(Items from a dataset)
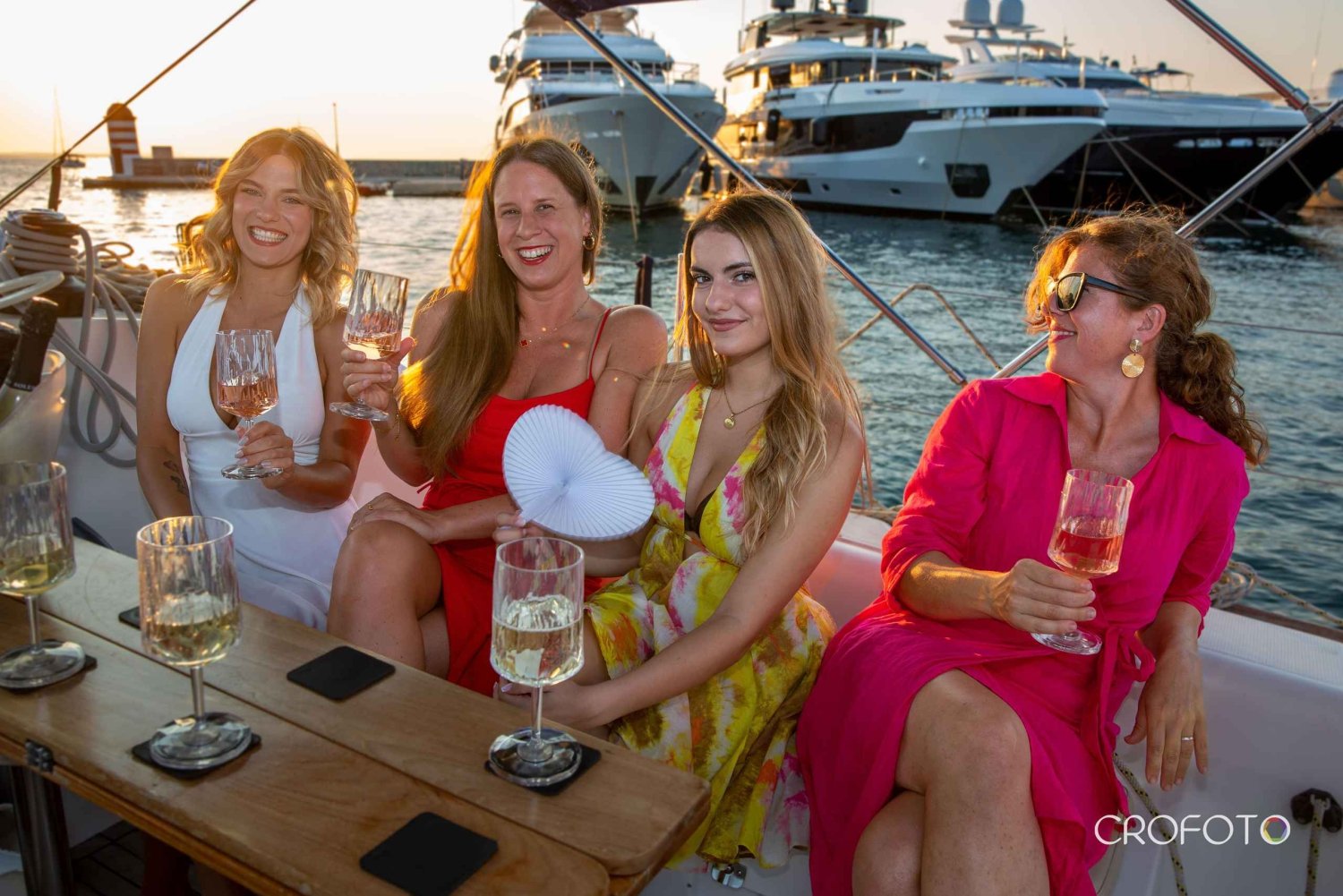 Elegant solnedgångskryssning under segel, stor yacht, full komfort
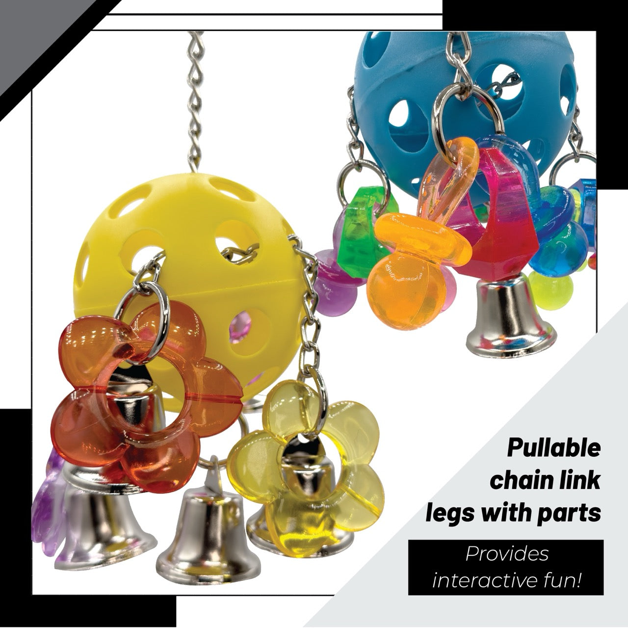 From top to bottom, each toy is designed for maximum engagement. The 1937 Flower Ringer features a plastic ball with multiple holes for easy gripping, adorned with colorful acrylic flowers and shiny metal bells that ring when touched. Chain link legs encourage pulling and tugging, promoting natural foraging behaviors. The 1938 Pacifier Ringer includes a plastic ball with dangling acrylic pacifiers and rings, ideal for chewing and exploration while supporting beak health. Both toys are lightweight and hang easily using secure metal clips, making them versatile for various cage setups.
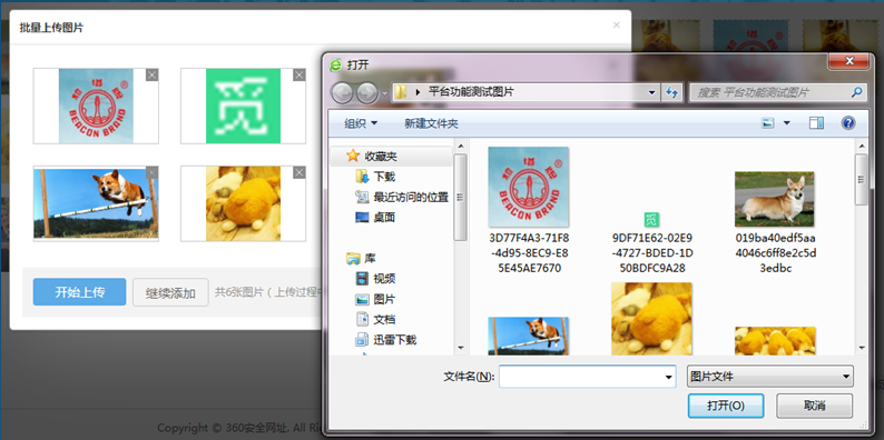 批量添加图片步骤:选择图片后,可“开始上传”,或者“继续添加”
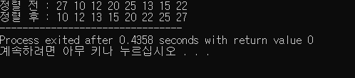 위와 같은 과정을 거치면 배열이 위와 같이 오름차순으로 정렬된다.
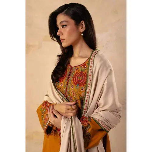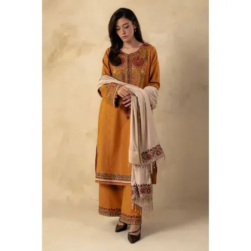The ensemble is completed with a dhanak embroidered shawl, enhanced with pallu work that gives it a graceful and distinguished appearance. Perfect for winter festivities, formal gatherings, and evening occasions, this suit provides both warmth and elegance in a single design. With its premium fabric and exquisite embroidery, it is an ideal choice for those who want to make a lasting impression
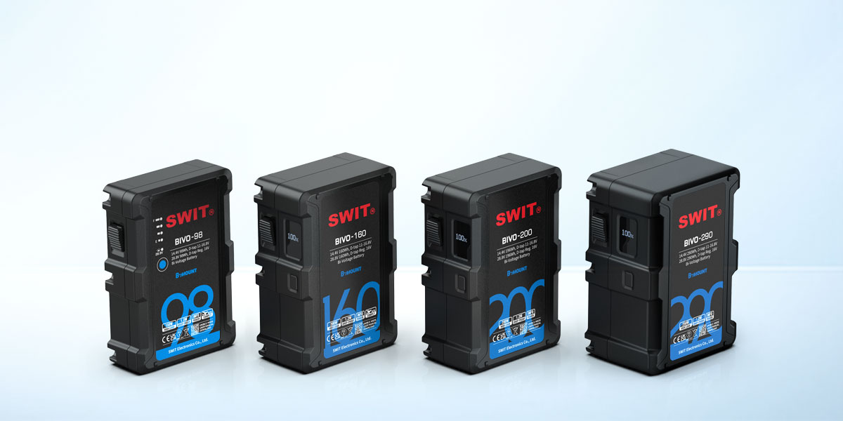 La gama de baterías BIVO Bi-voltage B-mount family cuenta con 98 Wh, 160 Wh, 196 Wh y 290 Wh, en diferentes tamaños y capacidades, para estabilizadores portátiles ligeros o para una selección de alimentación de larga duración.
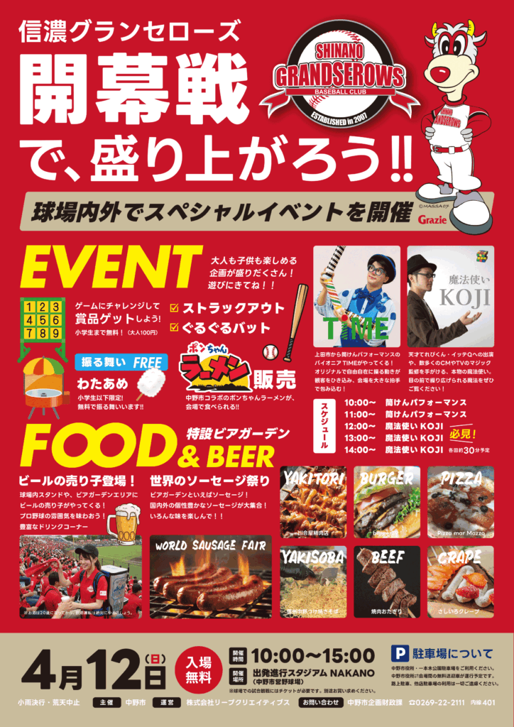 4/12(日) 信濃グランセローズホームゲーム開幕戦(中野市)

DIRECTIONS
We ask that the entries above be copied exactly, with the pictures omitted.

EXERCISE ANSWER
 Elegant solnedgångskryssning under segel, stor yacht, full komfort
 From top to bottom, each toy is designed for maximum engagement. The 1937 Flower Ringer features a plastic ball with multiple holes for easy gripping, adorned with colorful acrylic flowers and shiny metal bells that ring when touched. Chain link legs encourage pulling and tugging, promoting natural foraging behaviors. The 1938 Pacifier Ringer includes a plastic ball with dangling acrylic pacifiers and rings, ideal for chewing and exploration while supporting beak health. Both toys are lightweight and hang easily using secure metal clips, making them versatile for various cage setups.
 批量添加图片步骤:选择图片后,可“开始上传”,或者“继续添加”
 위와 같은 과정을 거치면 배열이 위와 같이 오름차순으로 정렬된다.
The ensemble is completed with a dhanak embroidered shawl, enhanced with pallu work that gives it a graceful and distinguished appearance. Perfect for winter festivities, formal gatherings, and evening occasions, this suit provides both warmth and elegance in a single design. With its premium fabric and exquisite embroidery, it is an ideal choice for those who want to make a lasting impression
 La gama de baterías BIVO Bi-voltage B-mount family cuenta con 98 Wh, 160 Wh, 196 Wh y 290 Wh, en diferentes tamaños y capacidades, para estabilizadores portátiles ligeros o para una selección de alimentación de larga duración.
 4/12(日) 信濃グランセローズホームゲーム開幕戦(中野市)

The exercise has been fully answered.